» **Given records**
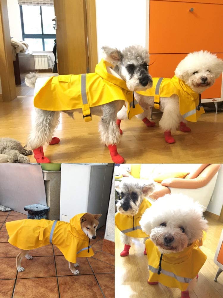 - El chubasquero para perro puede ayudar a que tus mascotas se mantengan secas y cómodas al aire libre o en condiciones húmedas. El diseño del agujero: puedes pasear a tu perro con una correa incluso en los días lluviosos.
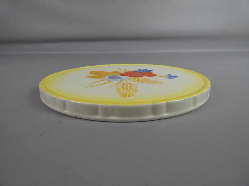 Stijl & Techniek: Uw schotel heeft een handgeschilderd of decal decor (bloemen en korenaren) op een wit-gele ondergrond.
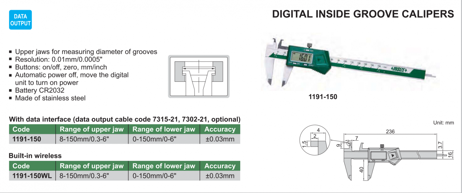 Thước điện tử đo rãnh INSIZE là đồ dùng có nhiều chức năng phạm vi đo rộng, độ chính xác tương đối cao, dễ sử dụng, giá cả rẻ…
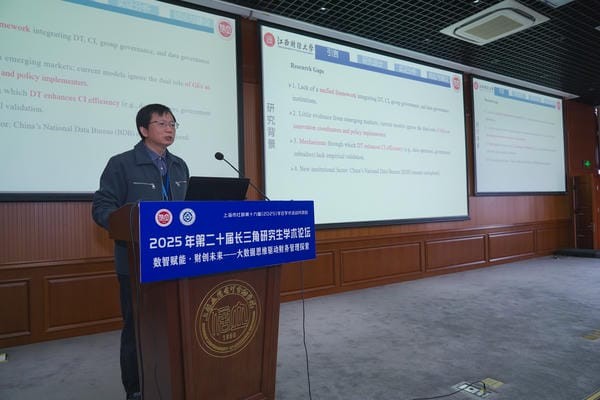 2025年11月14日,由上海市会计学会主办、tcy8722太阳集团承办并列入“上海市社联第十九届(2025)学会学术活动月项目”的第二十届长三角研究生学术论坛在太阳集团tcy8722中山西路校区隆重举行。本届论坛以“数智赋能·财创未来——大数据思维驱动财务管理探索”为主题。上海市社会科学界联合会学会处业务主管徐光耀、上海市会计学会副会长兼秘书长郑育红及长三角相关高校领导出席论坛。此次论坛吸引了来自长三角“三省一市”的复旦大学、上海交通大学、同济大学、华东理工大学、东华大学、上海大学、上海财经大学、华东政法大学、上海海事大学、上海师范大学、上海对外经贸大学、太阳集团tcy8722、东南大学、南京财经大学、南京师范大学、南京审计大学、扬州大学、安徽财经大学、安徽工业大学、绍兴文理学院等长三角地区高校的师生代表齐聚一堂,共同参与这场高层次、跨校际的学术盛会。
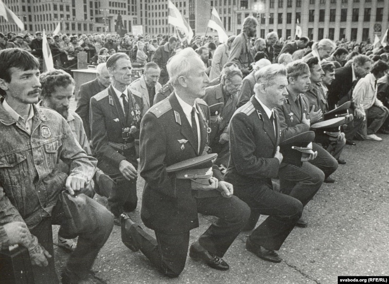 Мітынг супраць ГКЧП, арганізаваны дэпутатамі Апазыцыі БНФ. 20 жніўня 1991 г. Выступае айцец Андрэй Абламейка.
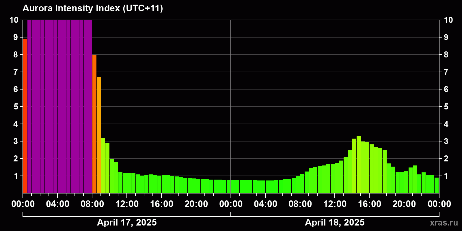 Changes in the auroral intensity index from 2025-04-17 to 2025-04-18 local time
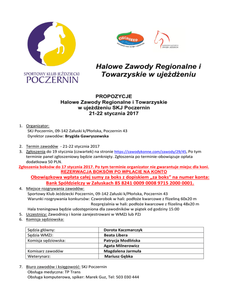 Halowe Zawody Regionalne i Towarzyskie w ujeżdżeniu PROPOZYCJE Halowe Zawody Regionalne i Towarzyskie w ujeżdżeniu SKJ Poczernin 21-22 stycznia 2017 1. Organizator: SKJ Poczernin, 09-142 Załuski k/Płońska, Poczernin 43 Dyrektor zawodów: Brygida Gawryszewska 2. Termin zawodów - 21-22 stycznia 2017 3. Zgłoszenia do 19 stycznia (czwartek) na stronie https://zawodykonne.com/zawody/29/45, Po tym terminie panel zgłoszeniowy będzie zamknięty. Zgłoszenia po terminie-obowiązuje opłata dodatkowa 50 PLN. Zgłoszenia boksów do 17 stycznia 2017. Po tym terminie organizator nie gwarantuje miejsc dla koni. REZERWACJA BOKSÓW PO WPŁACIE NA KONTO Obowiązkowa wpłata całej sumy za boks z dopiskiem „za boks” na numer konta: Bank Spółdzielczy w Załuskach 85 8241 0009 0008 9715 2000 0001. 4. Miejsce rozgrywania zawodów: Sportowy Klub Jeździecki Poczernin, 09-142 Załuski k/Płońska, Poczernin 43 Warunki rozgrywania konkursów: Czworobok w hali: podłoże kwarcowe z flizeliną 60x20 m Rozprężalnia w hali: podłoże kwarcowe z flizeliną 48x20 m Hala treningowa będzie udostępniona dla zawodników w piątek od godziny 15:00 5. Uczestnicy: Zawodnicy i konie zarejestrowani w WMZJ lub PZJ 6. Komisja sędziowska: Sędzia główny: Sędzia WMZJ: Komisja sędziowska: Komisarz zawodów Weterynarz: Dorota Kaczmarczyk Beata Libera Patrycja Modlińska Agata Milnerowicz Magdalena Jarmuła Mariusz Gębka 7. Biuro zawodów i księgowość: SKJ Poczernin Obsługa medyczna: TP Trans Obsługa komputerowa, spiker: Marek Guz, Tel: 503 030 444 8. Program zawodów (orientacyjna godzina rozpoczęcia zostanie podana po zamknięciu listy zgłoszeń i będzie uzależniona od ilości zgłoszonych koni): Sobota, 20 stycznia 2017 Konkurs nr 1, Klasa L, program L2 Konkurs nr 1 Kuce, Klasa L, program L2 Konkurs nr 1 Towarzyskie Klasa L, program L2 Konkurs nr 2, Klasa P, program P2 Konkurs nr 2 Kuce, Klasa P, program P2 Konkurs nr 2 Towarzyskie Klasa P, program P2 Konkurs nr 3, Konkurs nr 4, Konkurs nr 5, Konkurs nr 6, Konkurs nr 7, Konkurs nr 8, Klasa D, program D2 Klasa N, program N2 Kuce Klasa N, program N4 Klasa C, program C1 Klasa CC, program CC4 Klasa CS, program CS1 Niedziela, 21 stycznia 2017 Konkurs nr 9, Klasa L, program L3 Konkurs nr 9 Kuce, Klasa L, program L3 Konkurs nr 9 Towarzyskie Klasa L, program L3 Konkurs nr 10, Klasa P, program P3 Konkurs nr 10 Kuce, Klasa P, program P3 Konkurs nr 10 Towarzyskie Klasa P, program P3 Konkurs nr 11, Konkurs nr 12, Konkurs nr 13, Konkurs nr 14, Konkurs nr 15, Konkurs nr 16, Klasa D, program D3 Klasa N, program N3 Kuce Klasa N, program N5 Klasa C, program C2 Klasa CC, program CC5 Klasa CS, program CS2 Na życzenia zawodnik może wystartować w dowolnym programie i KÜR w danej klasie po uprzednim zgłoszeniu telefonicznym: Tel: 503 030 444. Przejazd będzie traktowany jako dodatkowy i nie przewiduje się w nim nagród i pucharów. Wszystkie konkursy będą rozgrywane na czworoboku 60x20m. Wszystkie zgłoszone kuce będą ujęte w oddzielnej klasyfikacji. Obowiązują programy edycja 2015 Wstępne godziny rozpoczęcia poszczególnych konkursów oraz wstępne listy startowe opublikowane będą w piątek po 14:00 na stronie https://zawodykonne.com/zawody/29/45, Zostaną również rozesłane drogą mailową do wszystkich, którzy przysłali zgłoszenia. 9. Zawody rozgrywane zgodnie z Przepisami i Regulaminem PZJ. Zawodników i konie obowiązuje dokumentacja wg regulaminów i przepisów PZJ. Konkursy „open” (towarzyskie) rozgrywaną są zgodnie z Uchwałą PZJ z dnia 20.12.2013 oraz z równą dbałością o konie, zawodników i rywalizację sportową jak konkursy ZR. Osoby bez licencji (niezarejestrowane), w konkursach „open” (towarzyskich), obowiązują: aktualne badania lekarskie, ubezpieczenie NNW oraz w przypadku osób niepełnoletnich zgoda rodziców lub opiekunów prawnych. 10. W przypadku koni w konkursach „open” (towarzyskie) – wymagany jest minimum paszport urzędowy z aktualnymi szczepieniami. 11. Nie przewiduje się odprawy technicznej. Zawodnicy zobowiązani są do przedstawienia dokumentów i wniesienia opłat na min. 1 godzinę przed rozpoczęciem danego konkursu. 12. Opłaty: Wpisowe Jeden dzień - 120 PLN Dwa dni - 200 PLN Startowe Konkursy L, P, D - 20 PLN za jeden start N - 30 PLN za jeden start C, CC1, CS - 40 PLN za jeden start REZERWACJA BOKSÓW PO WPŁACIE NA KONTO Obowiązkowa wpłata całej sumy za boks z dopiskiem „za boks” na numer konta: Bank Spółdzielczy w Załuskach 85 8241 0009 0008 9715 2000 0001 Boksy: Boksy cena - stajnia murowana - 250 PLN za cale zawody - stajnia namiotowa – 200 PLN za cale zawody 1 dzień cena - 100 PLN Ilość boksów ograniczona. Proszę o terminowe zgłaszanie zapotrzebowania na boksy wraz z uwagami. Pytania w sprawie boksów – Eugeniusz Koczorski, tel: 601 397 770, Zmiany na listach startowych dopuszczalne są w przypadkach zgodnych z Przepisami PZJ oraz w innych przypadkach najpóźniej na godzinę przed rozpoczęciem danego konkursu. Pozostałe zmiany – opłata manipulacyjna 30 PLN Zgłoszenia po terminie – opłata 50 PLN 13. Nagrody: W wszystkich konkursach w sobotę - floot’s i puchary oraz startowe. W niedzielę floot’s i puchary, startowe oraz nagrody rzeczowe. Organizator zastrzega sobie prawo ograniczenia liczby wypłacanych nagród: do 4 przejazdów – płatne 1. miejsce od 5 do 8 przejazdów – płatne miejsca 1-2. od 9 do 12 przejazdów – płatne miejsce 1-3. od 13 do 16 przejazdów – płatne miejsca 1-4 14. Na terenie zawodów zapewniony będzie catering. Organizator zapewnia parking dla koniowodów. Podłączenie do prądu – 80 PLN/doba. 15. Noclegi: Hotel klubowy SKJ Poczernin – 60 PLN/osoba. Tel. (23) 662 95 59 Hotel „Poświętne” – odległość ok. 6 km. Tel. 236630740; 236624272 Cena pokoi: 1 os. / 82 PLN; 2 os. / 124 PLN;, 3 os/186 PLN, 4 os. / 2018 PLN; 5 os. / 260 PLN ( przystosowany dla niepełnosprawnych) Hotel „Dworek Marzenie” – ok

---

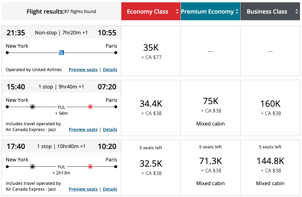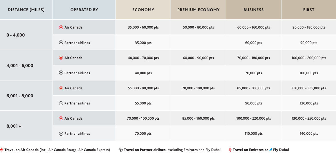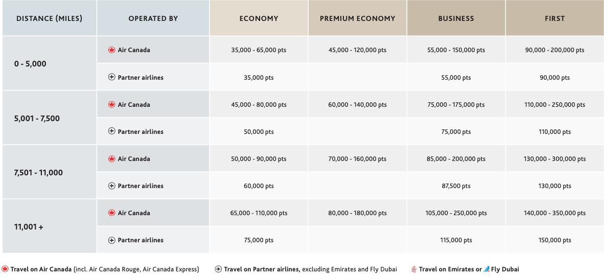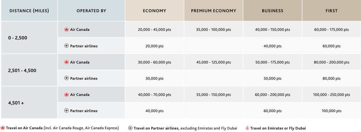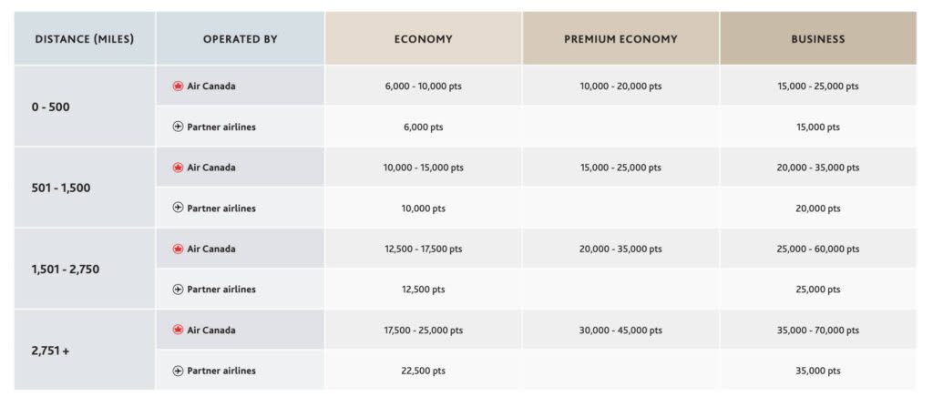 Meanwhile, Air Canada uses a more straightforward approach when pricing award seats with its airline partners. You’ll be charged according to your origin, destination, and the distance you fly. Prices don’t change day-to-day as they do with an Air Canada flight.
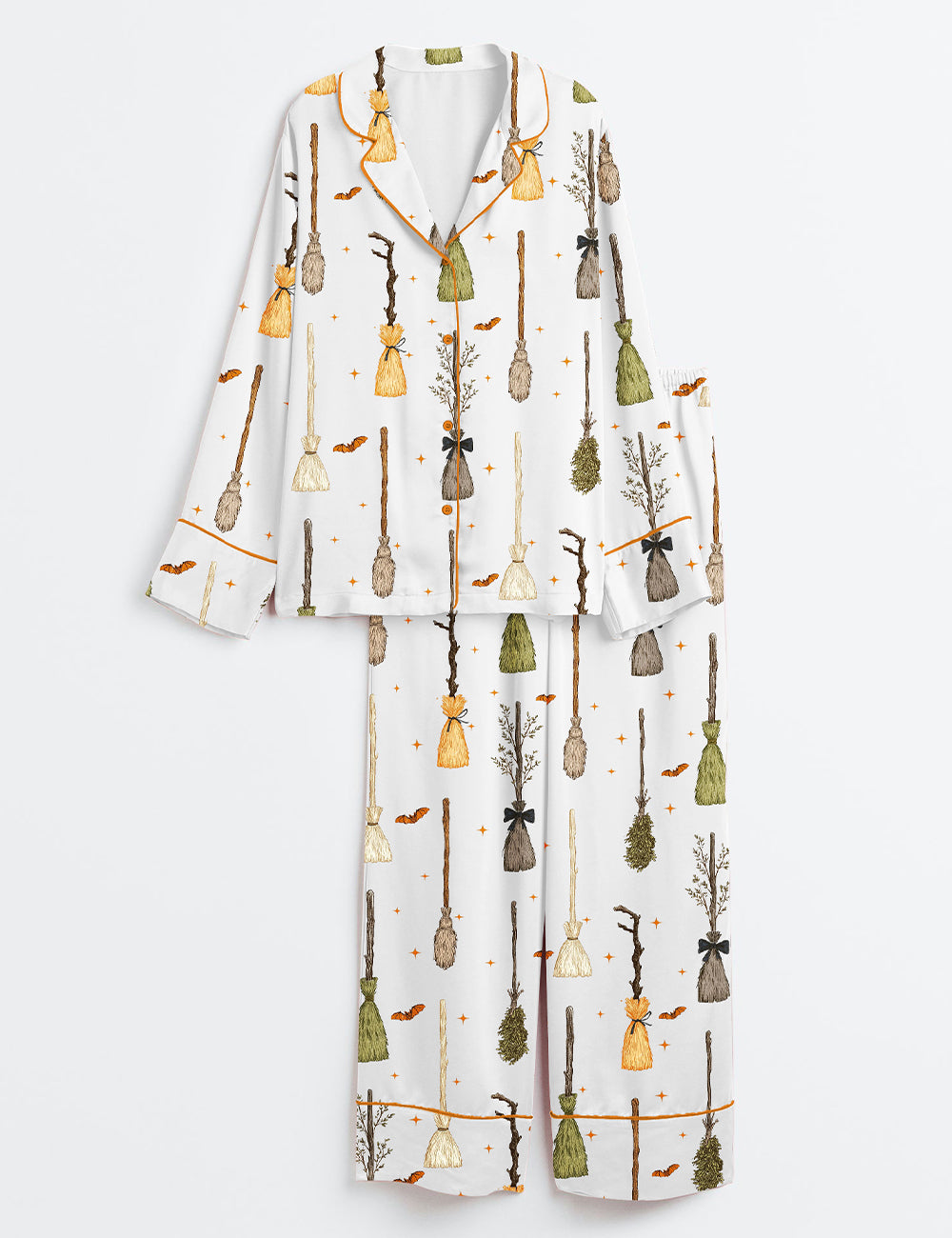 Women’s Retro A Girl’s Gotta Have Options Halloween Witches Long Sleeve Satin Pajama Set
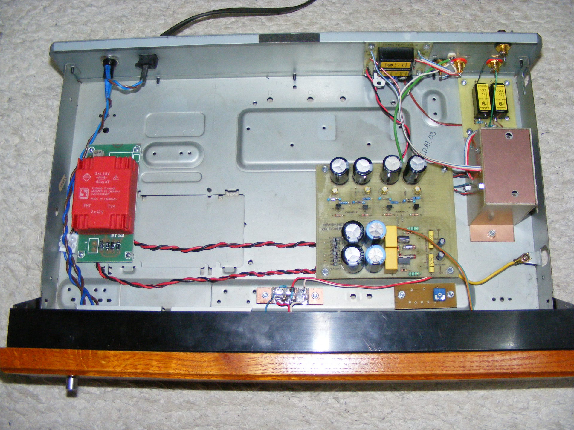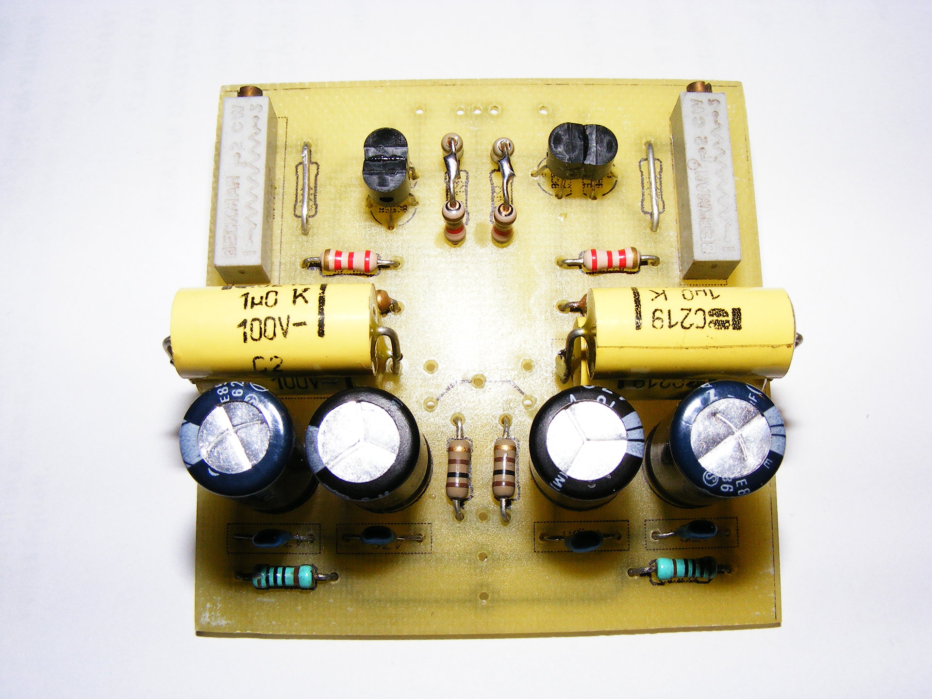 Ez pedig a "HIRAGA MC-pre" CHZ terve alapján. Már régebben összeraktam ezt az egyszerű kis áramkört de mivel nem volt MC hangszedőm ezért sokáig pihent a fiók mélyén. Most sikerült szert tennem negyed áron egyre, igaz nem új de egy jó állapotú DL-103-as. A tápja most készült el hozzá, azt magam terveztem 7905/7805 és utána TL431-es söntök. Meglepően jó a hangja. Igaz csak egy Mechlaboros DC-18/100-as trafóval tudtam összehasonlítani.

---

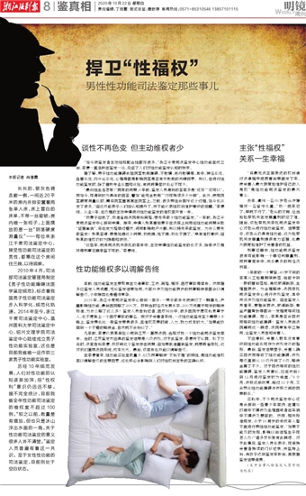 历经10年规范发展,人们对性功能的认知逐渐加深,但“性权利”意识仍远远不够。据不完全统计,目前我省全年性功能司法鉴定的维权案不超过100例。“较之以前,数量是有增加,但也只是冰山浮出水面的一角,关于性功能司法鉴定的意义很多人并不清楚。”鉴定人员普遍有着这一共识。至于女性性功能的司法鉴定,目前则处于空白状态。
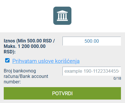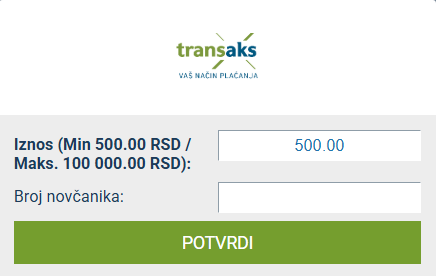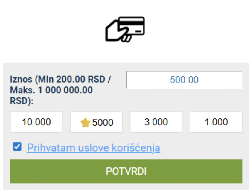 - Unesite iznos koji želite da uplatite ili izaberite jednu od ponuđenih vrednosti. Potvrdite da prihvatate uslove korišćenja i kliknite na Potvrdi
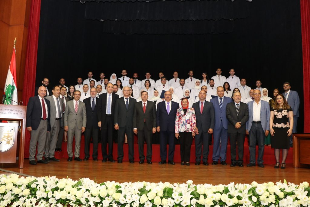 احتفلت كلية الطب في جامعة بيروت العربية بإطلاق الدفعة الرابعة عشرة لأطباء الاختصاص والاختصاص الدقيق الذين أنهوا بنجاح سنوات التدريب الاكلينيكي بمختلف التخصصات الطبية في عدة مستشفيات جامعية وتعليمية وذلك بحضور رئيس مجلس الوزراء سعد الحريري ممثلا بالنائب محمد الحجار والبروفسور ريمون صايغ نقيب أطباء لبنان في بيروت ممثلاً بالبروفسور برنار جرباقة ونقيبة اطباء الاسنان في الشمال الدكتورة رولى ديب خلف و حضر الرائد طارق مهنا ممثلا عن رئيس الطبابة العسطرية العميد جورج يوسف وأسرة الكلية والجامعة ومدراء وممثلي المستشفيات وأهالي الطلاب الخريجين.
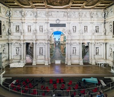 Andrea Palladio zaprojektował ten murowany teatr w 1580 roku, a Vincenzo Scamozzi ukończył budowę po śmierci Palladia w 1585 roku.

» **Problem details**
When you reach the line with "- Unesite iznos" in the records above, begin repeating the lines exactly, and stop after the line with "Andrea Palladio zaprojektował". Skip all pictures.

» **The completed task**
 - Unesite iznos koji želite da uplatite ili izaberite jednu od ponuđenih vrednosti. Potvrdite da prihvatate uslove korišćenja i kliknite na Potvrdi
 احتفلت كلية الطب في جامعة بيروت العربية بإطلاق الدفعة الرابعة عشرة لأطباء الاختصاص والاختصاص الدقيق الذين أنهوا بنجاح سنوات التدريب الاكلينيكي بمختلف التخصصات الطبية في عدة مستشفيات جامعية وتعليمية وذلك بحضور رئيس مجلس الوزراء سعد الحريري ممثلا بالنائب محمد الحجار والبروفسور ريمون صايغ نقيب أطباء لبنان في بيروت ممثلاً بالبروفسور برنار جرباقة ونقيبة اطباء الاسنان في الشمال الدكتورة رولى ديب خلف و حضر الرائد طارق مهنا ممثلا عن رئيس الطبابة العسطرية العميد جورج يوسف وأسرة الكلية والجامعة ومدراء وممثلي المستشفيات وأهالي الطلاب الخريجين.
 Andrea Palladio zaprojektował ten murowany teatr w 1580 roku, a Vincenzo Scamozzi ukończył budowę po śmierci Palladia w 1585 roku.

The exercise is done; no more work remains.